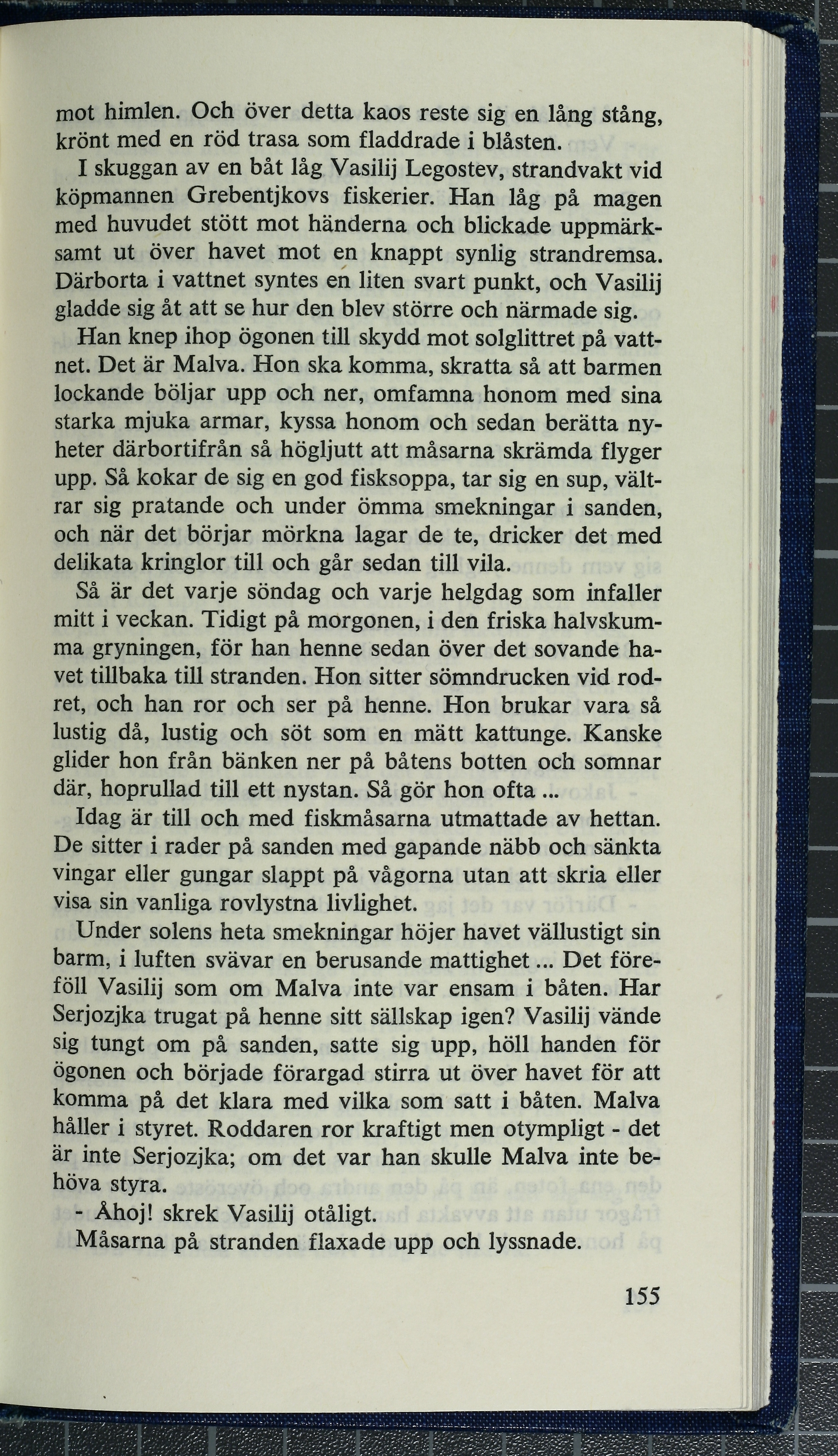 Därborta i vattnet syntes en liten svart punkt, och Vasilij
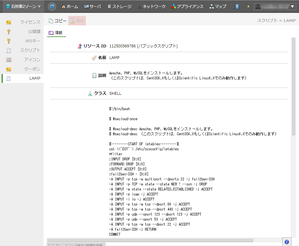 ■ LAMP (スタートアップスクリプトID: 112500569786)
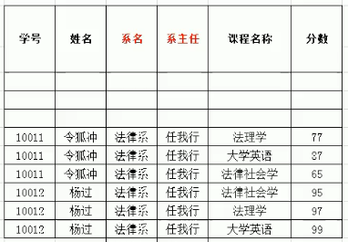 如图四所示,我们删除学号为10010的数据,会发现系名和系主任不会被删除,则就符合第三范式;
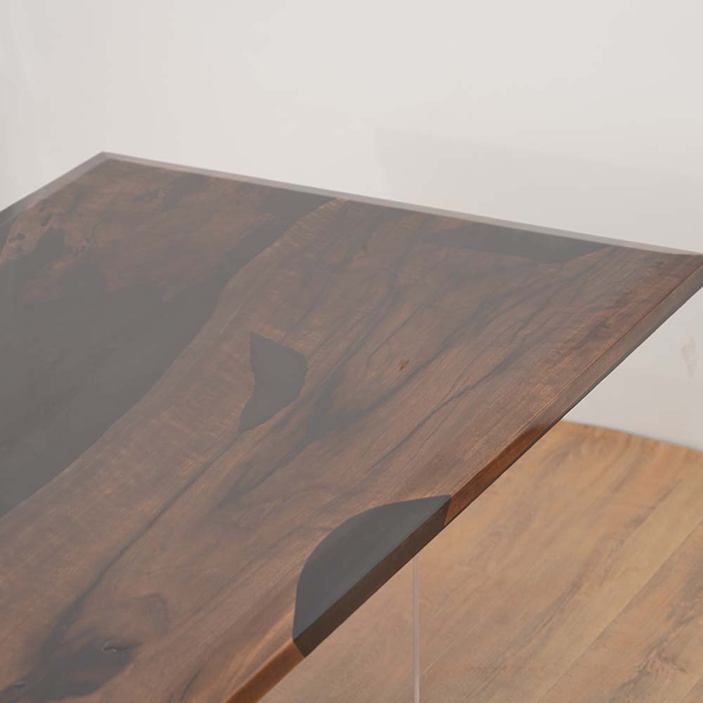 The unique wood texture and the collision of black resin of this epoxy tabletop form an abstract work of art. It's a popular pick for those searching for a black epoxy dining table that offer a blend of traditional and contemporary design.
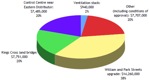 The three main such changes related to the redevelopment of William and Park Streets, the extension of the land bridge at the eastern end of the Kings Cross Tunnel, and a requirement to change the Tunnel Control Centre for the Cross City Tunnel to ensure the capacity of the roof of the Eastern Distributor was sufficient to carry the Tunnel Control Centre.
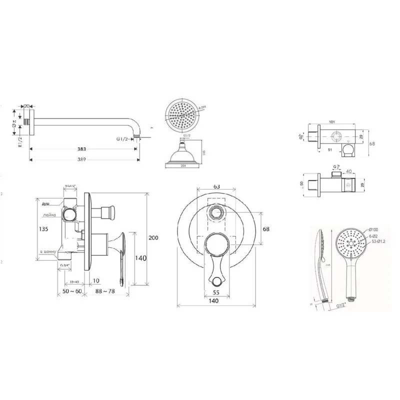 Душевая система Bronze de Luxe Yasmina NT800/B02-2 скрытого монтажа
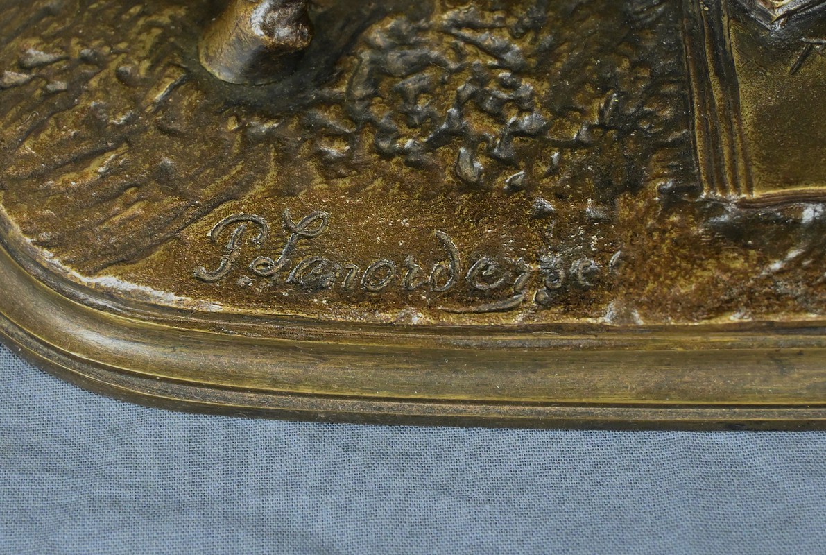 Pierre Lenordez (1815-1892) était un sculpteur français spécialisé dans la représentation des chevaux. Son travail en bronze, très détaillé et expressif, était particulièrement prisé dans le milieu des courses hippiques. Installé à Caen, il recevait de nombreuses commandes, notamment pour des sculptures de chevaux célèbres. Son style s’inscrit dans la tradition des animaliers du XIXe siècle, et ses œuvres restent recherchées sur le marché de l’art aujourd’hui.
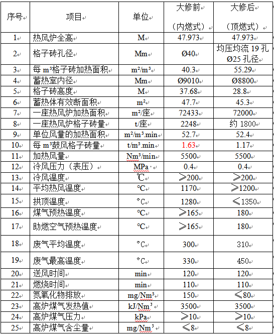 朝陽鋼鐵3#熱風爐大修前後性能參數對比表
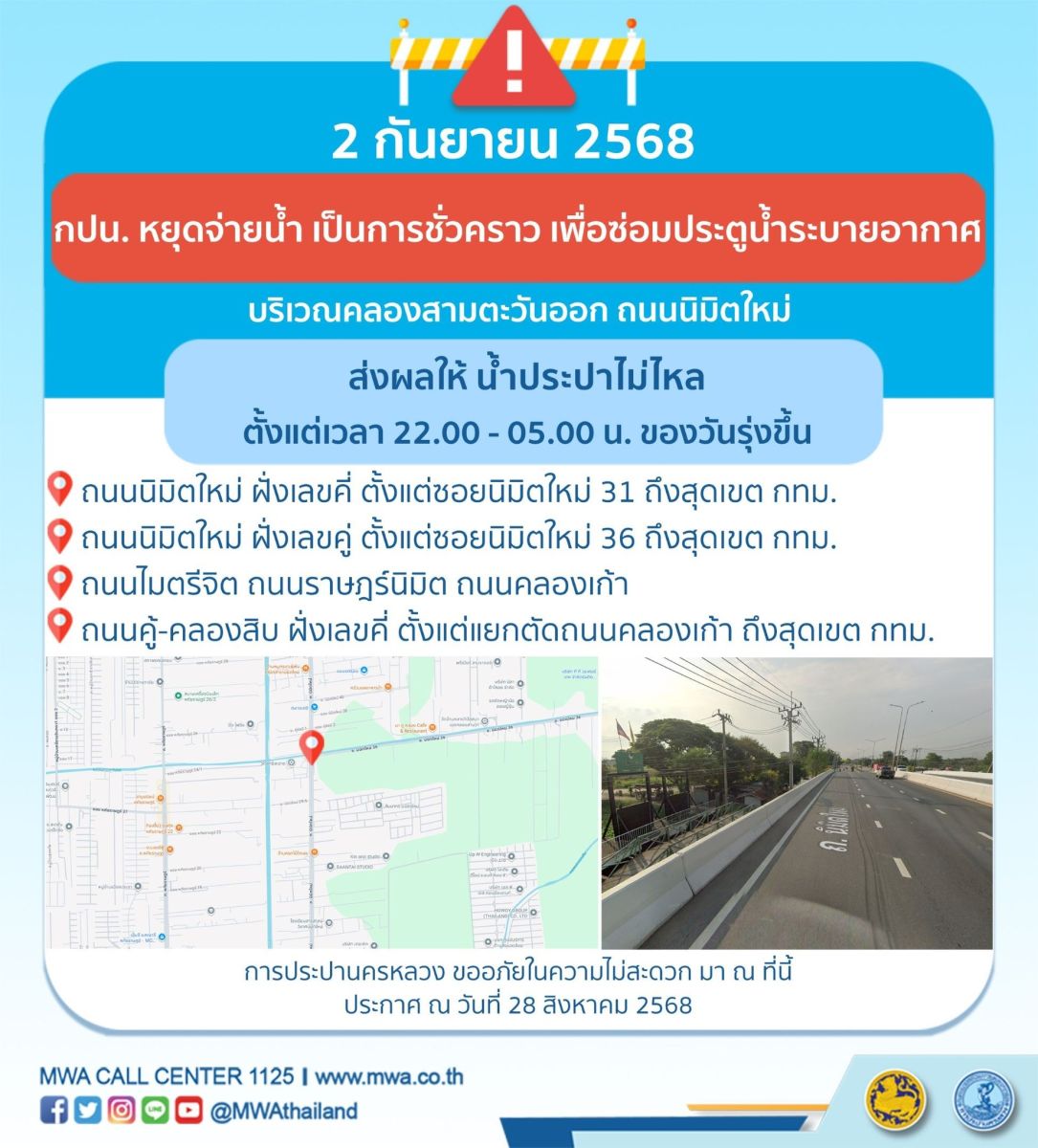 การประปานครหลวง (กปน.) ขอแจ้งให้ทราบว่า จะดำเนินการซ่อมประตูน้ำระบายอากาศ ในพื้นที่บริเวณคลองสามตะวันออก ถนนนิมิตใหม่ เพื่อให้ประชาชนได้รับบริการน้ำประปาอย่างเพียงพอและทั่วถึง จึงมีความจำเป็นต้องหยุดจ่ายน้ำ เป็นการชั่วคราว ในคืนวันอังคารที่ 2 กันยายน 2568 ตั้งแต่เวลา 22.00 - 05.00 น. ของวันรุ่งขึ้น โดยระหว่างดำเนินการ ส่งผลให้ น้ำประปาไม่ไหล ในพื้นที่ดังต่อไปนี้
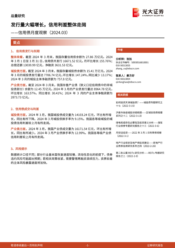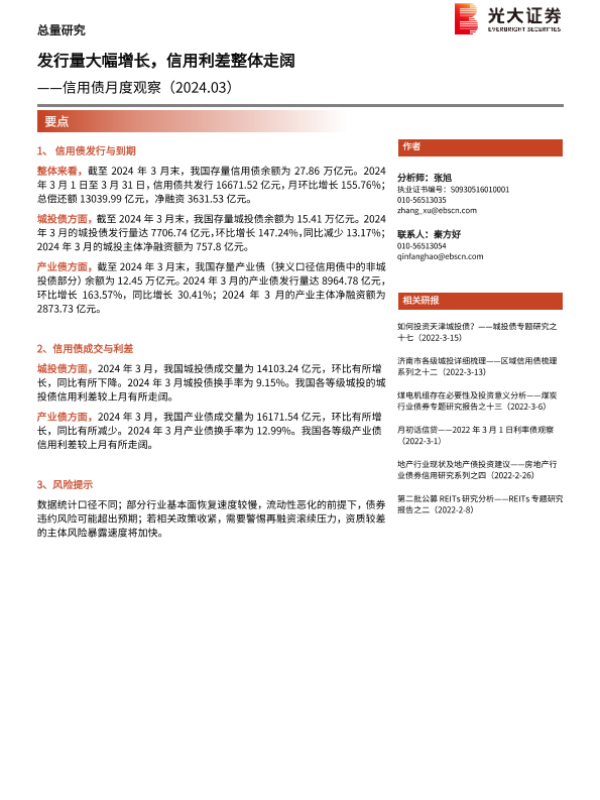 【光大证券】【202403】信用债月度观察:发行量大幅增长,信用利差整体走阔-16页
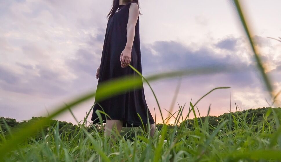 「今日の主役は、ぼかしフラワー柄がロマンチックなワンピースです。繊細なプリーツやウエストのリボンが上品さを高めてくれます。暑さがまだ残るうちは、これ一枚で決まりそうです。」と、笑顔たっぷりで説明していました。
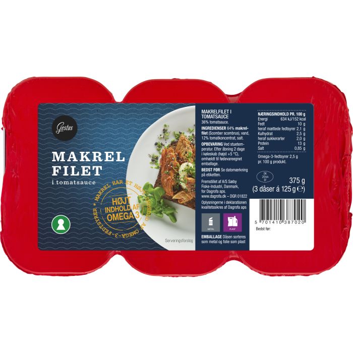 Die Gestus Makrele in Tomatensauce bietet einen kostlichen Genuss fur Fischliebhaber. Dieses Produkt kommt in einem praktischen 3er-Pack mit insgesamt 375 g. Die Makrelenfilets sind in einer leckeren Tomatensauce eingelegt.
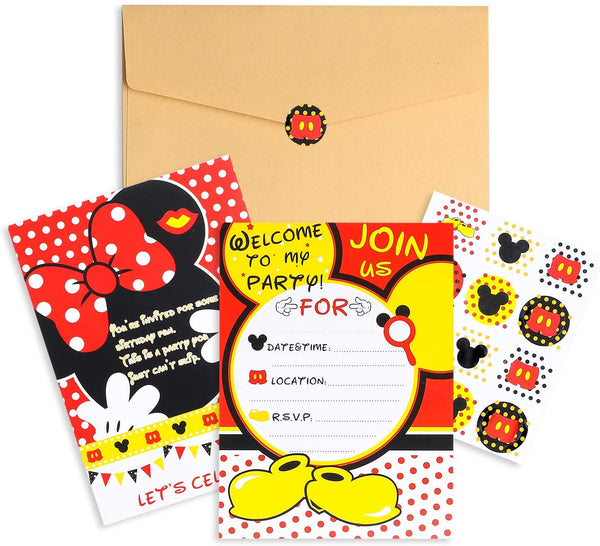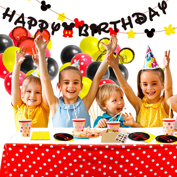 Awesome Party Supplies Set: A unique and dreamy mickey party supplies kit consists of 139pack: 1*Mickey Happy Birthday Banner, 20*Plates, 20*Napkins, 20*Forks, 20*Invitations Cards with Envelopes, 2 Sheets (24pcs) Mickey Stickers, 1*Tablecloth, 3*16inch Aluminum Foil Balloons, 20*Solid Color Balloons, 10*Polka Dot Balloons, 1*Ribbon, 1*Glue Point.
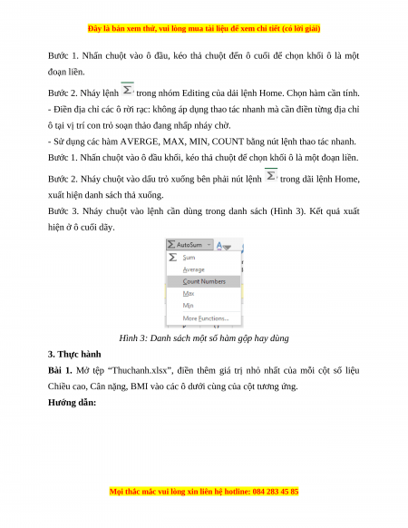 dùng như SUM, AVERAGE, MAX, MIN, COUNT có trong nhóm lệnh Editing của dải lệnh Home.
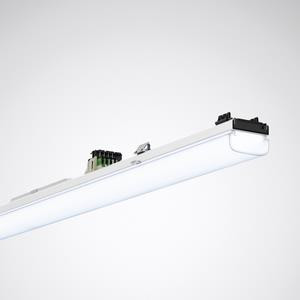 Geräteträger für Lichtbandsystem 78 E-Line Pro. In Verbindung mit Tragprofilen 078... für Einzel- oder Lichtbandanwendungen, frei positionierbar. Ausführung zur Verwendung in Anwendungsbereichen mit hohen technischen Anforderungen an das Lichtband bei gleichzeitiger wirtschaftlicher Effizienz. Leuchte mit begrenzter Oberflächentemperatur gemäß DIN EN 60598-2-24 für den Einsatz in feuergefährdeten Betriebsstätten geeignet (D-Kennung). Erfüllt DIN 10500. Die Leuchten sind für die Anwendungen in HACCP, IFS und/oder BRC Global Standard Food zertifizierten Unternehmen der Lebensmittel- und Getränkeindustrie geeignet. Die Schutzart IP50 der Anwendung wird in Kombination mit separat zu bestellenden Zubehören erreicht (078IP50 Ks..., 078IP50 SB..., 078IP50 SC..., ). Befestigung am Tragprofil durch werkzeuglos zu betätigende Edelstahl-Rastverschlüsse. Die sachgerechte Montage des Geräteträgers mit dem Tragprofil wird durch ein Einrastgeräusch bestätigt. Geräteträgerkörper und Tragprofil schließen bündig ab. Charakteristik der Lichtstärkeverteilung: lambertian. Halbwertswinkel C0 = 121°, C90 = 102°, Hauptabstrahlwinkel C0 = 0°.Das optische System besteht aus einer transluzenten PMMA-Abdeckung mit hohem Transmissionsgrad. Mit leichtem Indirektanteil zur Oberflächenaufhellung (13%). Insektendichter Lampenraum aufgrund Schutzart IP50. Empfohlene Installationshöhe: 2,4 - 4 m. Mit zwei LED Modulen (2 x 96 LED). Lichterzeugung frei von infraroten (IR) und ultravioletten (UV) Anteilen. Der Leuchtenlichtstrom des Geräteträgers wird im Fertigungsprozess nach Kundenwunsch elektronisch parametriert. Parametrierter Bemessungslichtstrom des Geräteträgers: 8.400 lm. Bemessungsleistung 56 W, Leuchten-Lichtausbeute 150 lm/W. Allgemeiner Farbwiedergabeindex (CRI) > 80, ähnlichste Farbtemperatur (CCT) 6500 K. Lichtfarbe Tageslichtweiß, Farborttoleranz (initial MacAdam) = 3 SDCM. Mittlere Bemessungslebensdauer L80(tq 35 °C) = 50.000 h. Geräteträger aus Stahlblech, weiß beschichtet. Länge des Geräteträgers 1.474 mm. Insektendichter Lampenraum aufgrund Schutzart IP50. Zulässige Umgebungstemperatur (ta) 35 °C. Schutzart (DIN EN 60529):IP50 Schutzklasse (EN 61140): I. Stoßfestigkeitsgrad nach IEC 62262: IK03, Prüftemperatur Glühdrahttest gemäß IEC 60695-2-11: 650 °C. Selbsttätige, werkzeuglose Verbindung mit Stromführungsprofil mittels Abgriff. Der Abgriff erleichtert die sichere und schnelle Montage, ist mechanisch sowie farblich codiert und zeigt die Montagerichtung durch einen Pfeil-Kennung an. Die Phasenwahl erfolgt werkzeuglos durch Push-Schiebekontakte. Der Abgriff ist zur Ausrichtung asymmetrischer Lichtverteilungen drehbar. Mittels separat zu bestellenden Steckern kann der Abgriff für individuelle Anwendungen erweitert werden. Die Stromtragfähigkeit des Abgriffs beträgt 3 A und übertrifft den geforderten Normwert um über 30%. Mit elektronischem Betriebsgerät, digital dimmbar (DALI). Betriebsgerät gemäß DALI-2-Standard (EN 62386). Die Leuchte ist Monitoring ready (MOR), liefert Leuchtendaten zur Überwachung oder vorausschauenden Wartung und ist damit kompatibel zu den TRILUX Digital Services (Energy Monitoring und Light Monitoring). Das Produkt erfüllt die grundlegenden Anforderungen der anwendbaren EU-Richtlinien und des Produktsicherheitsgesetzes und trägt die CE-Kennzeichnung. Für den einfachen und schnellen Planungs- und Konfigurationsprozess der Anwendung steht ein spezielles Online-Tool zur Verfügung. Das ressourcenoptimierte Verpackungskonzept der Lichtbandkomponenten erleichtert die Montage und schont die Umwelt. Zusätzlich ist die Leuchte durch eine u

──────────

What needs to be done: Transcribe, from the records above, the first line and every line after it up to and including the line with "The unique wood"; omit pictures.

Written reply:
 Därborta i vattnet syntes en liten svart punkt, och Vasilij
 ■ LAMP (スタートアップスクリプトID: 112500569786)
 如图四所示,我们删除学号为10010的数据,会发现系名和系主任不会被删除,则就符合第三范式;
 The unique wood texture and the collision of black resin of this epoxy tabletop form an abstract work of art. It's a popular pick for those searching for a black epoxy dining table that offer a blend of traditional and contemporary design.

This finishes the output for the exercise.